Everything we do is a matter of risk assesment.
I ride a skateboard on nearly flat ground and don't wear a helmet or other protection.
Were I to ride in a skateboard park however, or storm down a hill - you'd better believe I'd be properly suited up.

I don't put a helmet on for bike riding in the park either.
Though if I were to do some serious street riding or mountain biking I certainly would.

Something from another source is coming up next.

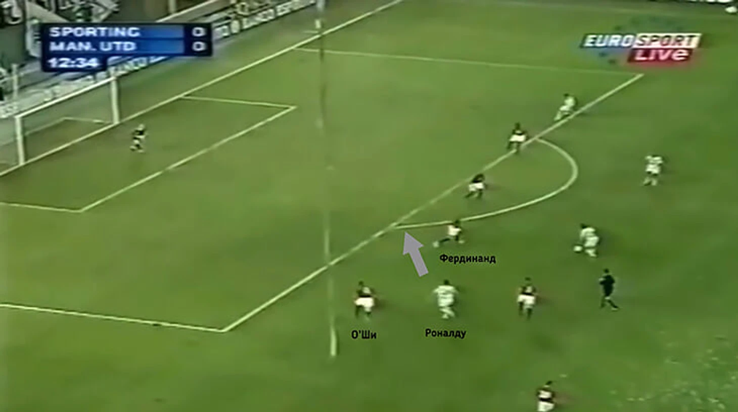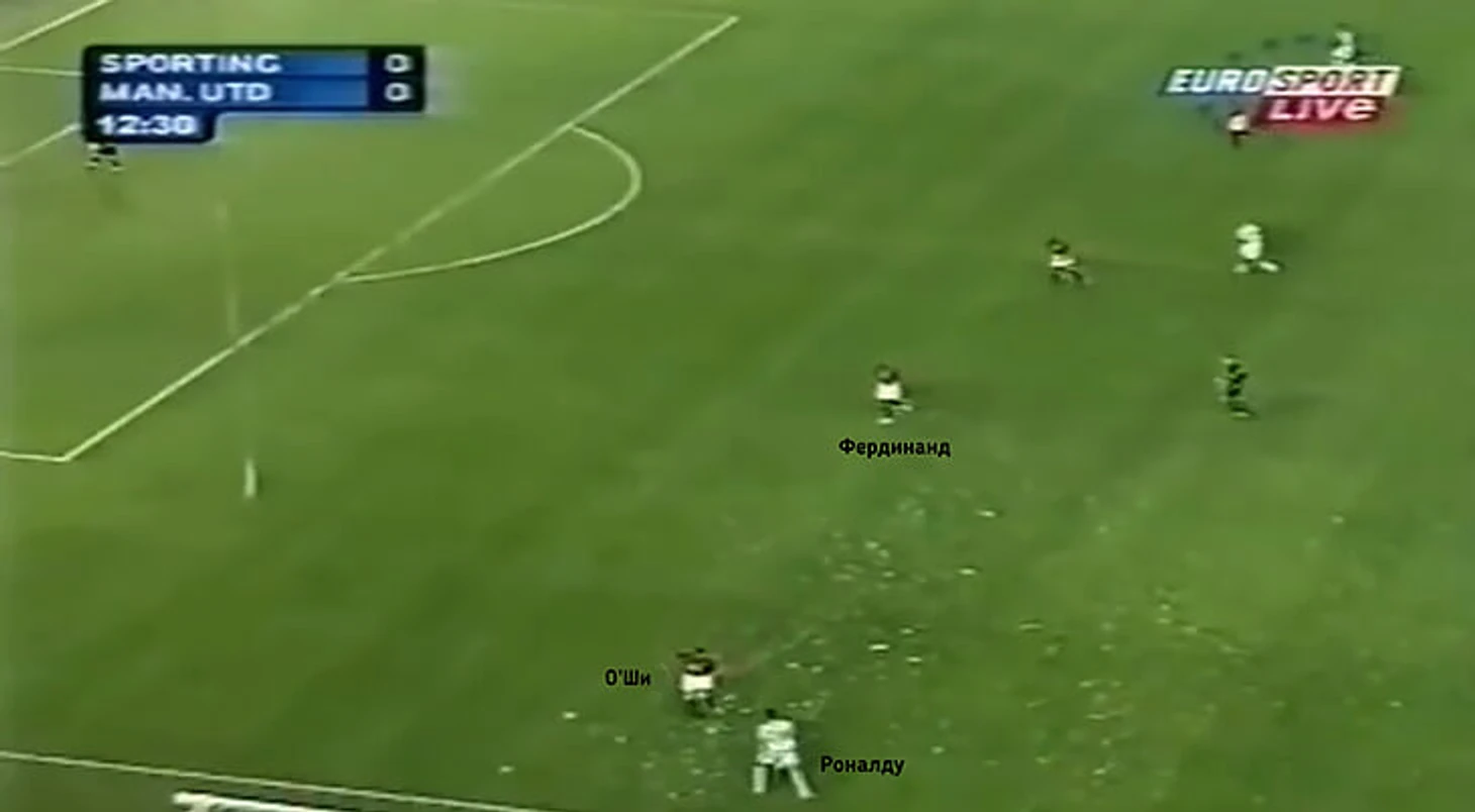 Криштиану вернул мяч партнеру и моментально открылся за спину ирландца. Получив мяч, он прицельно навесил в штрафную с левой ноги, однако Фердинанд не дал нападающему «Спортинга» пробить по воротам.

I check my bands constantly.
Between shots really.
It's a fork hit that I suppose is the greatest risk.


----------



## Sofreto (May 10, 2012)

I shoot with my eyes closed!

Cheers,

Sofreto


----------



## Sheila (Jun 2, 2012)

Bought myself a cute pink pair of safety glasses after I bought the slingshot...much better than the ugly ones the hubby has for rifle shooting and which I temporarily borrowed while shooting my 38 one day!


----------



## Shooter4829 (Jun 17, 2012)

of corse i do, i want to keep my eyes.


----------



## jayw81 (Dec 11, 2011)

Most times, except when I'm feeling lazy or invincible







lol


----------



## lightgeoduck (Apr 3, 2011)

Incomudro said:


> I check my bands constantly.
> Between shots really.


Same here, that is an important practice even while wearing safety glasses


----------



## Devoman (Oct 15, 2010)

Hrawk said:


> I wasn't sure to vote always or never. I voted always.
> 
> My prescription glasses are safety glass and I am never without those on.


The same for me!


----------



## SlingGal (Jun 18, 2011)

I wear eye protection, although sometimes I do forget to put the glasses on. *embarrassed grin* I have a group of kids at my martial arts studio that I require to use eye protection..... If someone doesn't bring theirs I have them borrow one of mine, or if they really all taken, they're not allowed to shoot. Its a rule they don't quite like, but is much rather have a grumpy kid than one who gets injured.


----------



## JetBlack (Mar 9, 2012)

I drove to my friends house 5 miles away then realized I forgot my glasses. Then went to lowes 2 blocks away and bought more. I would not shoot until I had a pair of glasses.I always wear a glove on my shooting hand too.


----------



## Jakerock (Mar 8, 2012)

Blue Danube said:


> If you do not, you are an idiot! PERIOD.


Has the jury reached a verdict? LOL.

I wear them, and I am giving away 2 slingshots today, each with a pair of glasses.


----------



## M.J (Nov 1, 2010)

I never do, so there.
I don't wear a helmet when I ride a bicycle, either. I do on the motorcycle, though.


----------



## dgui (Jan 12, 2010)

*I will not shoot anything without eye protection. Something bad can happen too fast. I would encourage all to not risk your vision for a foolish risk that may not beable to be reversed. *


----------



## DarthjonesofAzeroth (Jul 4, 2012)

nah i wear glasses they protect me from rebounds or shrapnel


----------



## Ordie69 (Aug 25, 2011)

Wearing safety glasses has been such a significant part of shooting on a pistol range over the years, I can't comfortably shoot without them. Not wearing them makes me feel naked.


----------



## Bruno529 (Apr 8, 2012)

I have two pair, I've only been shooting 3 1/2 months and always use them unless I forget. Once I realize it I put them one...usually a shot or two. I almost feels like something's wrong without them, that's why I notice after a shot or two. It's a part of shooting to me. I fear a broken fork snapping back more than a fork hit ricochet but it doesn't bother me to wear them so why risk it. I am also constantly checking bands, attachments and pouches.


----------



## Pawpawsailor (Jun 8, 2012)

Because I do a lot of wood work and also target shoot, I always have polycarbonate safety lenses installed in my everyday glasses. So I guess that is a yes.


----------



## Moses (Sep 12, 2012)

Safety first!


----------



## Sean (Nov 17, 2011)

It's a beautiful weather here lately in B.C, so it's been finding me getting out plinking a fair bit.
Today I ambled out to the range, a 7 or so minute walk from home where I know I'm safe with distances
and ricochet's.

I primarily shoot rocks, but that really doesn't matter much, could have been done with steel, lead, marble
etc. I was really enjoying time with the Boo shooter that Charles gifted back awhile ago. It's an
accurate, pleasant slingshot in which to plink with.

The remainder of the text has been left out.